In einer weiteren Version des Experiments[6] wird eine in Doppel-U-Form gebogene Glasröhre als Manometer benutzt. Beim Auslaufen des Quecksilbers aus der Röhre entsteht ein Vakuum-Bereich, der eine Quecksilbersäule im zweiten, nach oben gebogenen U-Rohr abtrennt. Die Spiegel der Quecksilbersäule im zweiten U-Rohr sind gleich hoch, was die Existenz eines Vakuums im Bereich davor beweist. Lässt man in dieses Vakuum Luft einströmen (durch ein vorher mit einem Pfropfen verstopftes Loch), steigt die Quecksilbersäule im zweiten U-Rohr wie bei einem normalen Barometer an.
Viel bekannter als die hier geschilderten Experimente war der anschließend durchgeführte Versuch Pascals. Er verglich die Säulenhöhen eines Quecksilber-Barometers im flachen Gelände mit der auf einem Berg, dem Puy de Dôme, und konnte damit direkt die Auswirkungen des in der Höhe sinkenden Luftdrucks auf die Säulenhöhe nachweisen. Pascal führte das Experiment nicht selbst durch, sondern ließ es durch seinen Schwager Florin Périer (1605–1672) in Clermont-Ferrand durchführen (am 19. September 1648).[7] Im Ort Clermont-Ferrand maß er an einer Stelle 71 cm Säulenhöhe, auf dem Berggipfel 62,7 cm (die Höhendifferenz von Stadt und Berggipfel betrug etwas über 1000 m). Selbst die 50 m Höhenunterschied in der Kathedrale von Clermont-Ferrand führten zu 4 mm Unterschied in der Säulenhöhe.[8]

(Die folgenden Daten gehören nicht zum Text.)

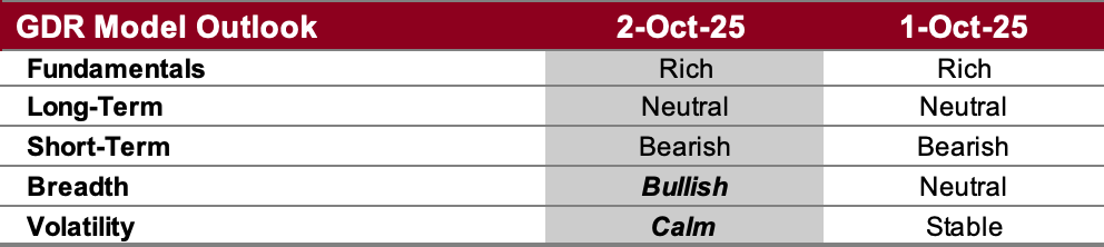 Breadth Outlook (as of 1 Oct 2025): Bullish. Breadth improved a bit today and is back to bullish. Regardless, this data point is only important when all of the model’s components are aligned.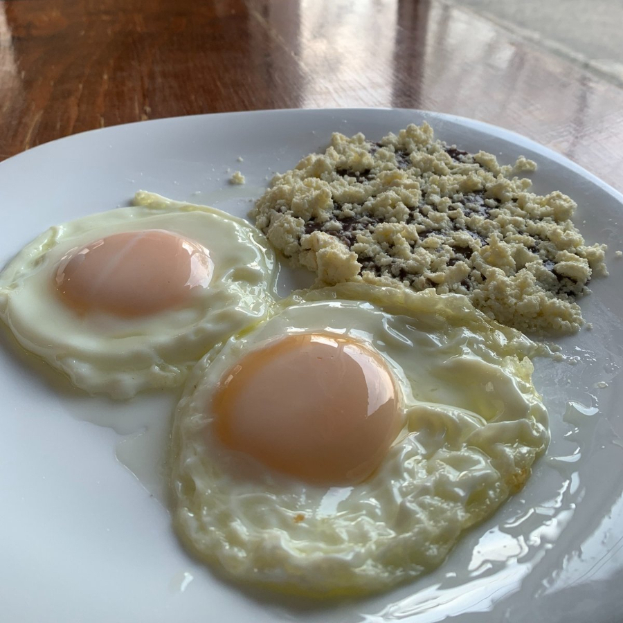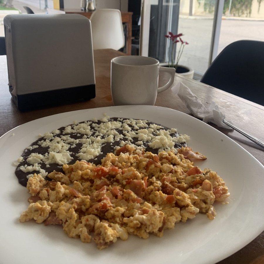 Dos huevos revueltos o estrellados, acompañados de frijoles refritos, queso fresco y tortillas recién hechas con 100% masa de maíz.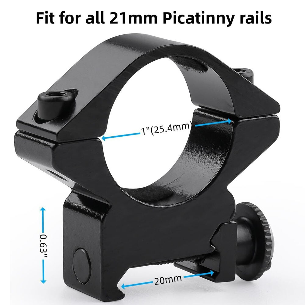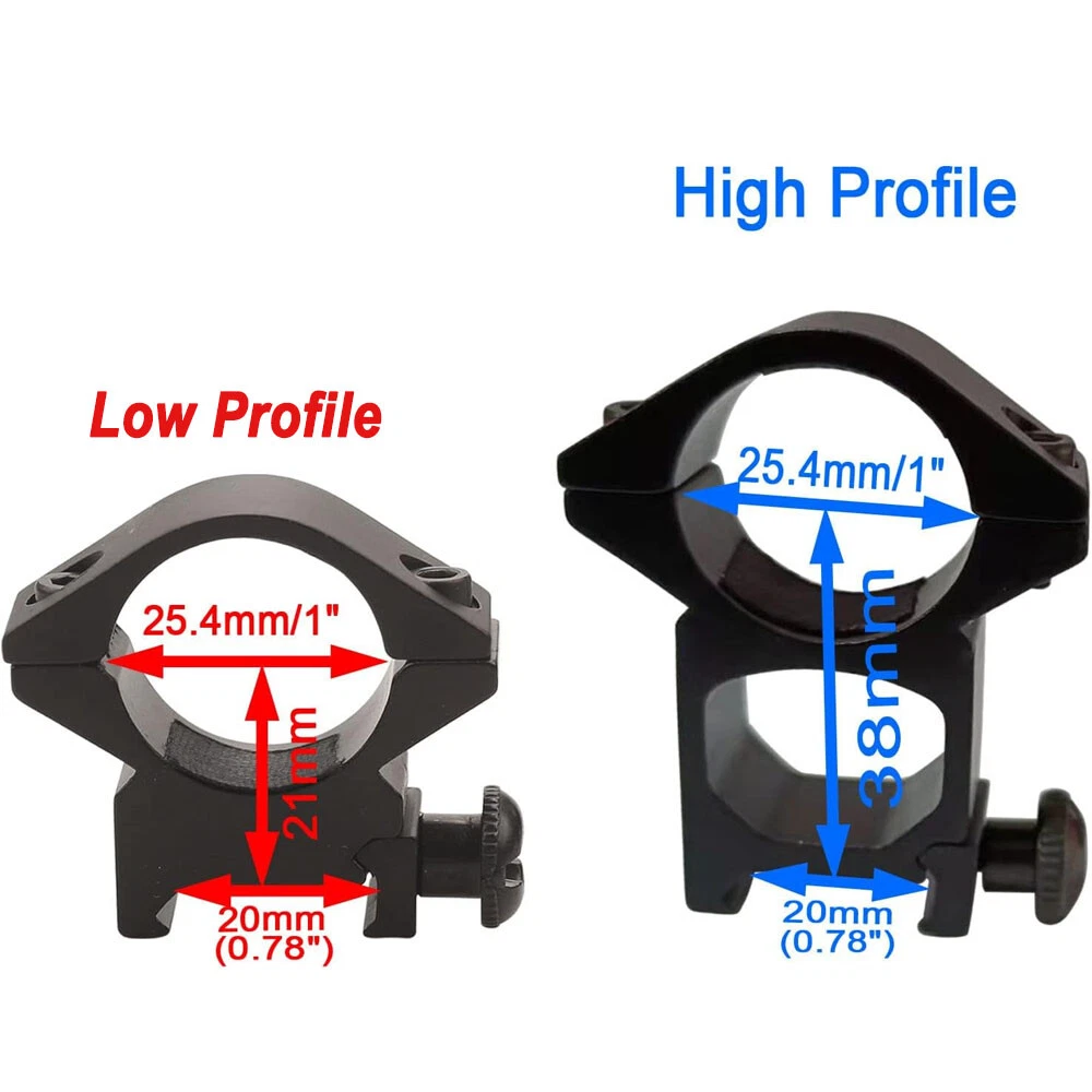 1"/25.4mm 30mm Scope Rings Mount Low/Middle/High Profile to Weaver Dovetail Rail 8.79 USD Free shipping 2Pcs 1" 25.4mm Rifle Scope Rings Mount Low Profile 20mm Picatinny Weaver Rail 9.49 USD Free shipping Scope Barrel Mount 1" 25.4mm & 30mm Ring Adapter with 20mm Weaver Picatinny Rail 7.9 USD Free shipping ACOG 4x32 Red Chevron BDC Rifle Scope Reticle Sight Real Fiber Optics with Mount 72.99 USD Free shipping for Henry .22 Lever Rifle Dovetail to Picatinny Weaver Rail Adapter Scope Mount 10.95 USD Free shipping Hunting 1" Scope Riser Mount fit 20mm Picatinny Rail for Optics Red Dot Sight 8.99 USD Free shipping 25.4/30 mm High Profile Ring Weaver Picatinny Rail QD Quick Release Scope Mount 9.99 USD Free shipping Tactical Holographic Reflex Red Green Dot Sight 4 Type Reticle for 20mm Rails 23.95 USD Free shipping 1 Pair 25.4mm 1" Scope Rings Middle Profile For Rifle 11mm/21mm Rail Mount 9.49 USD Free shipping One Pair of 1" Laser / Scope Ring Mount for 10mm Dovetail Rail - High Profile 8.99 USD Free shipping Quick Release QD 1" / 30mm High Profile Scope Rings Mounts Picatinny Weaver Rail 11.59 USD Free shipping Scope Adapter Rail Mount 22 Crossbow 3/8" Dovetail to 7/8" Weaver /w Stop Pin 10.9 USD Free shipping 1 Pair 30mm Scope Rings 3/8" Dovetail High Profile .22 caliber Riflescope rings 9.49 USD Free shipping 45 Degree Offset 1" Tactical Flashlight Laser Weaver Picatinny Rail Side Mount 8.95 USD Free shipping QD Lever 5 Slot 20mm Weaver Picatinny Rail Mount Riser Quick Detach Scope Base 9.95 USD Free shipping 34mm/1.34 inch Scope Adapter Ring Mount with 20mm Picatinny Weaver Top Rail 14.95 USD Free shipping 1x30mm/1x40mm Red Green Dot Sight Scope Tactical Reflex Laser for Rifle Gun Rail 19.95 USD Free shipping 2Pcs 1" 25.4/30 mm Ring High Profile Scope Mount Picatinny Rail QD Quick Release 17.99 USD Free shipping Low Profile Mount Description: Designed to install a Flashlight, Laser Sight or Rifle Scope onto the Weaver Rail Suitable for 25.4mm Tube Fully adjustable with nuts & screws included Complete solution for Mounting Flashlight & Laser Sight & Rifle Scope on Gun/Rifle/Shotgun Constructed of Full Metal Material, extra Strong Shock Absorption ability Matte Black Finish Specifications: Ring Diameter: 25.4mm Rail Type: 20mm Standard Weaver Rail Built Material: Aluminum Alloy Color: Matte Black Package: 1pair Mount High Profile Mount Description: Double 1'' scope ring mount for Picatinny/ Weaver Rail (21mm). Design in hollowed-out configuration between the ring and the bottom of the base, to release heavy duty when clamping your scope. Built-in tape inside per rings to prevent from marring the scope, also prevent sliding and holding postion accurately. The ring is for most scopes which are in 1''/ 25.4mm scope tube. High profile, 0.98'' gap from base of mount to bottom of rings. ( Item height: 2.1'') With only 1 rail clamp screw and 1 scope clamp screw per side, just twist off the nut and mount the base on the 20mm rail easily. Fits all 21mm picatinny and weaver rails. The ring is for most scopes which are in 1''/ 25.4mm scope tube. Precision machining from aircraft-grade aluminum alloy, solid and sturdy construction. Built-in tape inside per rings to prevent from marring the scope, also prevent sliding and holding postion accurately. With only 1 rail clamp screw and 1 scope clamp screw per side, just twist off the nut and mount the base on the 21mm rail easily. Package: 1pair Mount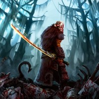 heavy armor, suggesting a role as a warrior or tank in the game. There are also what seem to be severed limbs or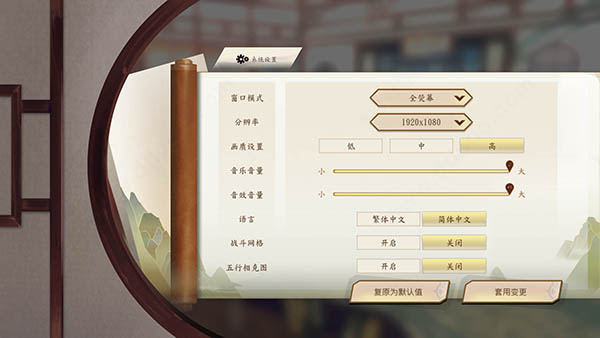 4、进入游戏后小编建议先去系统设置中调整相关的参数,建议开启全荧幕,体验沉浸式游戏,画质可选低、中、高,显卡好的选择高,还能调整声音的大小;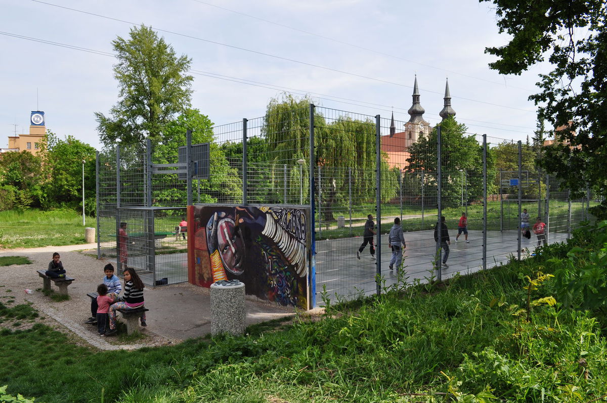 Caged sports CAVEA is bounded by 4 m high fence with silencers for noise. Sports is variable both in terms of size and in terms of equipment. Standard equipment are two goals 2,5 x 2,5 m, two basketball baskets and clamping elements for placement net for tennis / netball and volleyball / badminton.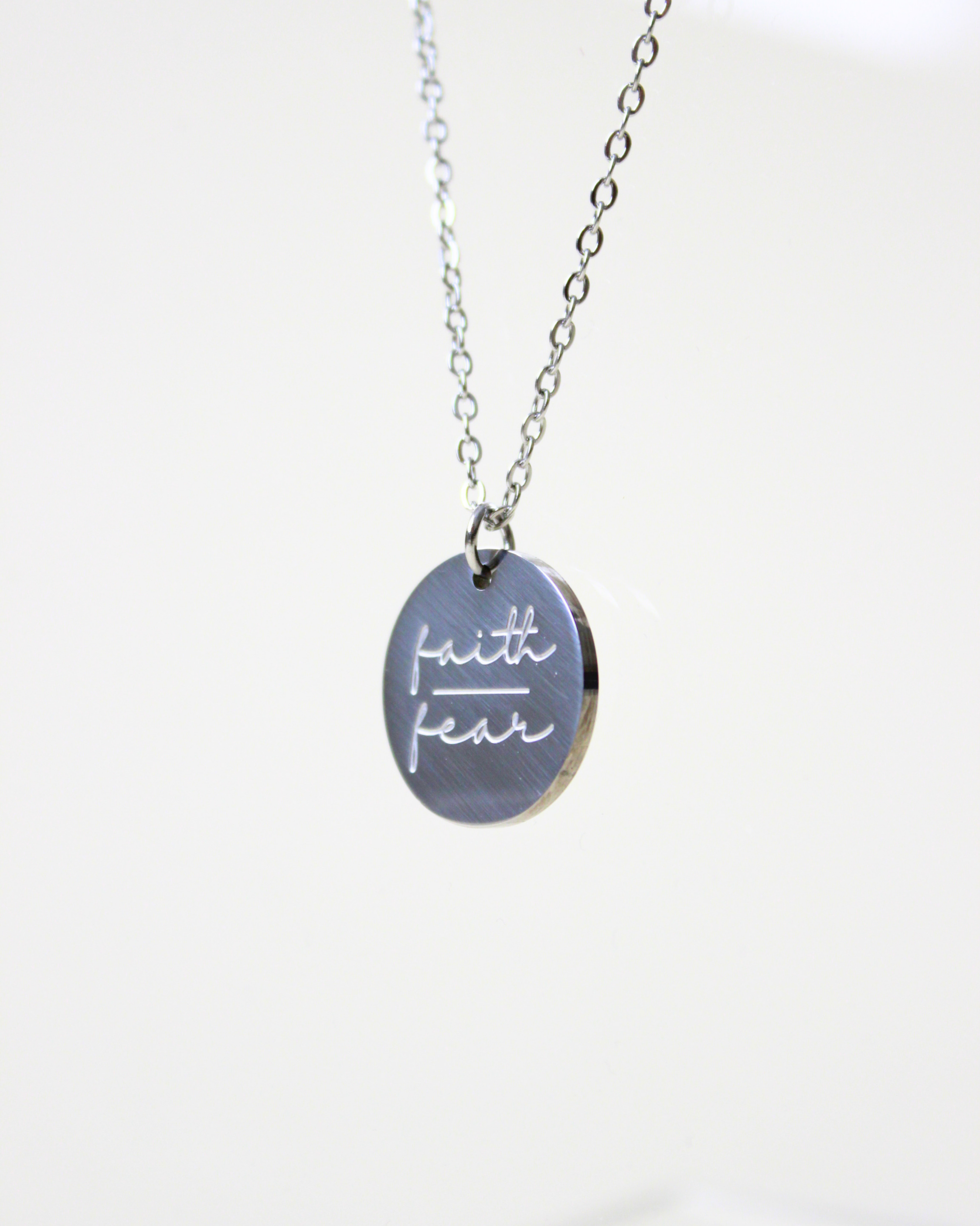 A meaningful “Faith Over Fear” silver necklace designed to inspire strength, courage, and hope. This elegant piece serves as a daily reminder to trust your journey, stay grounded in faith, and move forward with resilience—perfect for everyday wear or as a thoughtful, uplifting gift.

In einem weiteren Experiment verwendete Pascal statt Glasröhren Spritzen und verglich die Gewichte der Spritzen mit räumlich verschieden großen Vakua (über den üblichen rund 760 mm Quecksilbersäule) auf einer Waage. Er fand, dass sie gleich viel wogen, und schloss daraus ein weiteres Mal auf die Existenz des Vakuums (und gegen mit Dämpfen gefüllte Hohlräume).
Pascal beobachtete auch schon die Veränderlichkeit des Luftdrucks je nach Wetterlage, also die Einsatzmöglichkeit des Torricelli-Barometers in der Meteorologie.
1649 entwickelte Otto von Guericke eine Kolbenpumpe, mit der ein technisches Vakuum auf einfachere Weise erzeugt werden konnte. Mit Hilfe seiner Vakuumpumpe und der Magdeburger Halbkugeln konnte Otto von Guericke die Existenz des Luftdrucks und des Vakuums leichter nachvollziehbar machen und anschaulich demonstrieren.
1660 überprüfte Robert Boyle (mit Unterstützung von Robert Hooke) die Abhängigkeit vom äußeren Luftdruck, indem er die Säulenhöhe eines Barometers in einem mit einer Pumpe hergestellten Unterdruck in einer Glasglocke beobachtete.